Снизу поднимались встревоженные соседи. Темнело, и в густых сумерках Миша никого еще не узнавал.
– Это Михаил! – взволнованно объясняла Знойко. – Миша Скачко! Хозяин квартиры…
– Хозяин пришел, – с облегчением обронил кто-то в темноту коридора. – Скачко.
– Обживется, – сказал хрипловатый женский голос. – И мы не в хоромы въезжали.
– Бачишь, кирпич собрал, стол себе сделал. Теперь хоть гостей зови: скорый на руку! – Голос незнакомый, тонкий и какой-то равнодушный, без страсти.
– Ах ты, пес! – крикнула женщина. – Ты ж по всему кварталу мебель награбил. Стулья, столы до потолка, як в комиссионном, стоят… А человеку кирпича жалеешь. На, возьми, подавись ты… – Она наклонилась, схватила кирпич и бросила в ноги коренастому человеку. – На, собака! На, ненажора!
Человек отскочил.
– Пусть селится, – сказал кто-то примирительно, – крышу починит, и нам лучше будет…
Послышался тревожный шепот:
– Из лагеря бежал… бритый…
– Разрешение управы нужно, – настаивал коренастый, ловко вытирая сапог о штанину. – Документ. Без документа нельзя.
Миша подошел к нему и всмотрелся в широкоскулое лицо. Человек глядел на него внимательно, без страха.
– Ты шумишь, сволочь? – прохрипел Скачко, чувствуя, что сейчас схватит кирпич и ударит плашмя, как по стене, по этому плоскому лицу.
У человека не дрогнул ни один мускул.
– Распустились при большевиках…
Скачко ударил его кулаком. Широкое лицо качнулось в сторону и куда-то исчезло. Человек присел. Потом послышался топот на лестнице и резкий фальцет:
– Рятуйте!
Жизнь запутывалась. Скачко плохо различал оставшихся в комнате людей – они шарахнулись ъ стороны, под прикрытие стен.
– Где Саша? – спросил он неожиданно.
– В субботу она во второй смене, – ответила Знойко, одна попрежнему стоявшая рядом с Мишей и смотревшая на него с сочувствием и сожалением. – Саша на швейной фабрике работает, это через весь город идти, – объяснила она.
– Р-я-атуйте!… – донеслось уже с улицы.
Только теперь Миша почувствовал, как больно он ушиб пальцы. Кто-то положил ему руку на плечо – рядом оказался человек с суровым, аскетическим лицом. Скачко угадал его скорее сердцем, чем глазами.
Грачев!
– Пойдемте ко мне, Миша. – Грачев сжал пальцами его плечо и подтолкнул Скачко к выходу. – Мне нужно рассказать вам о Зине… – Его суровый бас неожиданно дрогнул, смягчился. Грачев кашлянул по-стариковски, взял Мишу за руку. – Шагайте за мной. – Он ощутил неуверенность Миши. – Пошли! Ничего, держитесь крепче.

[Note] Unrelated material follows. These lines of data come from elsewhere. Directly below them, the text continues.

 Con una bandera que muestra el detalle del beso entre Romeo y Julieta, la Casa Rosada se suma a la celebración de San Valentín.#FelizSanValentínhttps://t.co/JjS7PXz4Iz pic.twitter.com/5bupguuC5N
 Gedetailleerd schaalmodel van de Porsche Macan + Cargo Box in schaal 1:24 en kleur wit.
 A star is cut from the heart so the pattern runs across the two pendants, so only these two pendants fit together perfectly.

Послушный сухой, холодной руке, Скачко двинулся к лестничной площадке, затем вниз, в комнату бывшего учителя истории. Рука у Грачева оказалась сильная, грубая, с жесткими буграми мозолей.

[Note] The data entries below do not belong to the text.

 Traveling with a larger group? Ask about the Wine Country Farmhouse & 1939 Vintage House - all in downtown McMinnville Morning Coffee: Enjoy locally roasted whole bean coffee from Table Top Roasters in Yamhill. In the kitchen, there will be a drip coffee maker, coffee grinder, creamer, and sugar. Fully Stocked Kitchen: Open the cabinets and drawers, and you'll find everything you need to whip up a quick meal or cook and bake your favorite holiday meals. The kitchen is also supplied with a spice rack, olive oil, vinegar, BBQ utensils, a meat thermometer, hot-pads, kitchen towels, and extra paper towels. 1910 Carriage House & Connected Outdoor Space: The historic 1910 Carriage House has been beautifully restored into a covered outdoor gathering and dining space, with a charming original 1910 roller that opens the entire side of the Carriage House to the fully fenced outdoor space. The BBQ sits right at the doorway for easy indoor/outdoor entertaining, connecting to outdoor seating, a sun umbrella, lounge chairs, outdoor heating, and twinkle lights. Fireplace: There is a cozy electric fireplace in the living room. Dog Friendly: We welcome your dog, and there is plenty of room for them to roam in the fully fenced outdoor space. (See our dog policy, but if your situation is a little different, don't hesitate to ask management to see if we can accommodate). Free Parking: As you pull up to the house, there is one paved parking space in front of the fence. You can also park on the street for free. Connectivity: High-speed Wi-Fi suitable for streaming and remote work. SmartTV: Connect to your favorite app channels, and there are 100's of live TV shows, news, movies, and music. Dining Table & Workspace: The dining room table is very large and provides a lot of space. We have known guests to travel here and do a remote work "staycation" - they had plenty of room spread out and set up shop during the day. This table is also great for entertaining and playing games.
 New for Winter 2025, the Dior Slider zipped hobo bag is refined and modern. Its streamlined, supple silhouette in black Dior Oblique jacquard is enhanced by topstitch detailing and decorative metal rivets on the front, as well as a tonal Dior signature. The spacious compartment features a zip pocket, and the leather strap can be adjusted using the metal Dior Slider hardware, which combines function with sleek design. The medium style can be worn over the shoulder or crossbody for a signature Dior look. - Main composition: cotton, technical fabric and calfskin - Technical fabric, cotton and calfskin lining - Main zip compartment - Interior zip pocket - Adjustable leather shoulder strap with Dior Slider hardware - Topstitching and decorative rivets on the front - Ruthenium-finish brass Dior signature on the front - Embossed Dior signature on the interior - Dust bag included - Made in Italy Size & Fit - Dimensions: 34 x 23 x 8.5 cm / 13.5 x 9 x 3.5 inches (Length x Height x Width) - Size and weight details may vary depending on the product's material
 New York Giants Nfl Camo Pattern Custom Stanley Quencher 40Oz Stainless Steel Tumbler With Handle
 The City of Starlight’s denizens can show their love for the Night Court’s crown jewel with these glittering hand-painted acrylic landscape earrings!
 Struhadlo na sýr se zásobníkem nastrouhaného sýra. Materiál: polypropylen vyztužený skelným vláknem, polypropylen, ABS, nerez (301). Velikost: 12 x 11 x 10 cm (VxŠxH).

– …Зиночка многому меня научила, сама того не подозревая. И я скорблю о ней, вероятно, больше вашего, глубже, что ли… Вы не обижаетесь на меня? – Миша избегал взгляда Грачева и, лежа, с хмурым безразличием разглядывал комнату. – Ну и ладно, и хорошо… Если это только не равнодушие ко всему на свете, – добавил он требовательно. – Теперь и с этим сталкиваешься.